I'm new to the fixed speed world and have been ridign a new Langster for a few weeks now with a stock 48/16 ratio. problem is my commute and daily training involves a LOT of hill climbing....would an 18 be more beneficial or should I go bigger?
I'm sure there have been posts on this, but a quick search didn't produce much...


----------



## asterisk (Oct 21, 2003)

This isn't a direct answer to your question but this is more a matter of personal preference and length/grade of hills climbed. Use your road bike for comparison, find out the gear inch of various combinations and try your commute without shifting. Decide which one works best for you and match the gear inch measurement to a cog/chain ring combo.

That said, you'll see a lot of commuter fixed riders find 70 gear inches to be a sweet spot. Typical set up is 42x16.


----------



## Howzitbroke (Jun 1, 2005)

Skid mark Homer rocks.

It is a personal thing. Most of the guys I know run 42x16, 48x18, for general stuff, I like 44x17 with 35c tires. Bigger tires make the wheel bigger which ups the gear inches. I run I think 72.5 or something. Just feel right.


----------



## olds_cool (Feb 14, 2005)

*i don't think there is a right answer.....*

i think you'll probably end up buying different rings and cogs as you go. i live in wv, and you are either going up or down. not exactly perfect for single speed road bikes, but what the hey. when i put mine together i went with a 46 x 18. little lower than the 42 x 16. first ride and i went and orderd a 42 for the hills. by the time it showed up, i was a little more used to the gear, and never put it on. fitness improved i guess. now the 44 x 18 feels a little big sometimes, and sometimes i want bigger. of course i don't go out to the mountains on the fixie yet, but at some point i will and will probably put on the 42 for some serious steep hill sprints. i do feel that the smaller ring and cog combo is much easier to do skip stops with, for some reason.


----------



## shokhead (Dec 17, 2002)

The one that gets me up the hill. Sante Fe Dam would be the 39X25


----------



## fixintogo (Nov 14, 2005)

48 x 16 seems really tall to me!

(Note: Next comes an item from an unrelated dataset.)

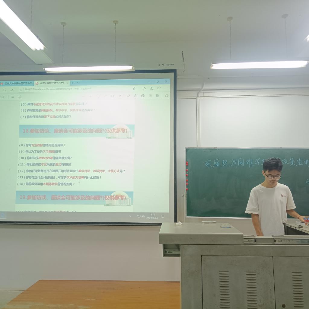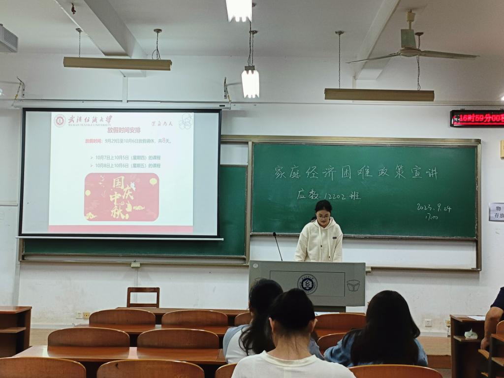 家庭经济困难学生认定工作实施细则》文件要求,于2023年9月24日,数理科学学院各班分别展开了家庭经济困难学生认定政策宣讲,本次宣讲由各班班主任以及班长进行宣讲。

On my new bike, I found that the stock 48 x 18 was a little big, so I dropped the chainring to a 47. While it's only a one-tooth difference - from a 72 g.i. to a 70.5 - it really made the bike more fun to ride. I think it's worth noting that it's important to have the right gear combo for riding flats and descents as well - the whole thing is about compromise; the guy who recommended a 70-inch gear hit the nail on the head, IMO. If you're going to experiment with new combos, remember that chainrings allow you to fine tune the gear inches in smaller increments than cogs do, but cogs cost about $25 and chainrings about $65.


----------



## SickBoy (Oct 29, 2004)

Depends where you live, a lot of chicago type ppl run something in the 50/15 region or bigger. Most fixt's I've seen here in mpls don't use anything much bigger than 44 or 45 with 15 or 16t rear. I personally go 44/15 which lets me get up most hills here and I only get excessively spinny on a downhill of a mile or more, of which there are only a couple in the cities.


----------



## Spinfinity (Feb 3, 2004)

*44x15 for me.*

I'd recommend starting by approximating or equaling the gear ratio that you use most often on your geared bike. Learn to handle the ups and downs and get help for one or the other according to what you need.


----------



## djg (Nov 27, 2001)

bahueh said:


> I'm new to the fixed speed world and have been ridign a new Langster for a few weeks now with a stock 48/16 ratio. problem is my commute and daily training involves a LOT of hill climbing....would an 18 be more beneficial or should I go bigger?
> I'm sure there have been posts on this, but a quick search didn't produce much...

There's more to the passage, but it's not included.